The answer is: Scour. Scouring in hot soapy water with some vigorous scrubbing will start to break down that coating so that your dye has some surface area to hold onto. I like to dye unbleached cotton muslin, so this step is essential. Scour, hang to dry, and then your muslin is ready to mordant.
Mordanting is a chemical process that aids in binding a dye to a fiber. Different mordants are recommended for different dyes and different fibers, and you can easily lose yourself in research on various opinions and recommendations on this topic. But I like to keep things simple, so for me the answer is alum. Alum is a relatively mild mordant that’s easy to buy and easy to use, and it has worked well on my muslin fabric with every plant dye that I have yet had the pleasure to try.
So let’s get started! This is my “dye kit,” a quick collection of kitchen items that I always have around and that I gather up when the flowers are blooming and I’ve felt that urge to dye something before they fade away.
My basic process is the same for all dyes – the only variable is the dye material. I’ve included details about 3 of my favorite wildflower dyes – but be ready to enjoy and experiment with natural materials and amounts of your own, because all that variety is definitely part of the fun!
Note: Batch sizes for my 6 qt pot look like: 5 dinner napkins & 1 tea towel – or 2 window panels 36″ square – or 2 yards of muslin at 44″ width.
Natural Dyes, Step-by-Step
Step 1: Scour. I scour muslin ahead of time for future projects so that it’s ready and waiting to dye. You can scour by hand, scrubbing under hot water, or run your fabric through a hot water wash and dry cycle.

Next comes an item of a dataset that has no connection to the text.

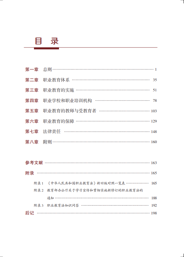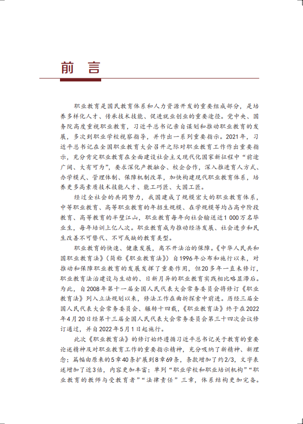 本书采用双色印刷,对新旧《职业教育法》进行了比较,使读者能够更直观地了解新旧《职业教育法》的区别。同时,每个章节均设计了“学习感悟”专栏,方便读者随时记录和翻阅。

Step 2: Mordant. Place muslin into stainless steel pot and fill with water to cover. Add 1 Tbsp of alum and bring to a boil, using the wooden spatula to periodically dunk and stir the fabric in the bath. Allow to simmer for 1 hour. Transfer fabric from pot to bowl and discard alum bath.
Step 3: Gather. Take the scissors and the pot out into the field. Enjoy the sunshine, listen to the birds, look for butterflies, and gather the material for your dye project directly into the pot. (See below for recommended amounts for my 3 favorite wildflower dyes!)
Step 4: Make Dye. Cover dye material with water and bring to a boil. Simmer for one hour.
Step 5: Dye Bath. Place strainer over mixing bowl containing mordanted fabric. Pour dye bath over fabric. Leave to soak overnight. I use the lid from my pot to cover the bowl.
Step 6: Finish. In the morning, remove the fabric from the dye bath, rinse with cool water, and hang to dry. Enjoy the beauty of wildflower color captured in fiber!
A Few of My Favorite Dyes
Goldenrod: Fill pot loosely with blossoms. Cover with water, bring to a boil with the lid on, and simmer for 1 hour. The first dye will be a strong golden-yellow. You can re-use the dye bath for a softer yellow.
Hopi Black Dye Sunflower: Remove ripe seeds by rubbing. These seeds will stain your fingers – use gloves! 1 c seeds for every 2 qts water makes a strong dye. Bring to a boil with the lid on, and simmer for 15 mins. The first dye will be a deep purple-black. Re-using this dye bath will yield softer shades of lavender and smoky gray.
Sulfur Cosmos: Fill pot loosely with blossoms. Cover with water, bring to a boil with the lid on, and simmer for about 15 minutes until the liquid turns a deep red-orange.
This, of course, is only the beginning! With a few kitchen tools, a simple process, and some sunny summer days, your imagination is the limit. Let me know what you discover!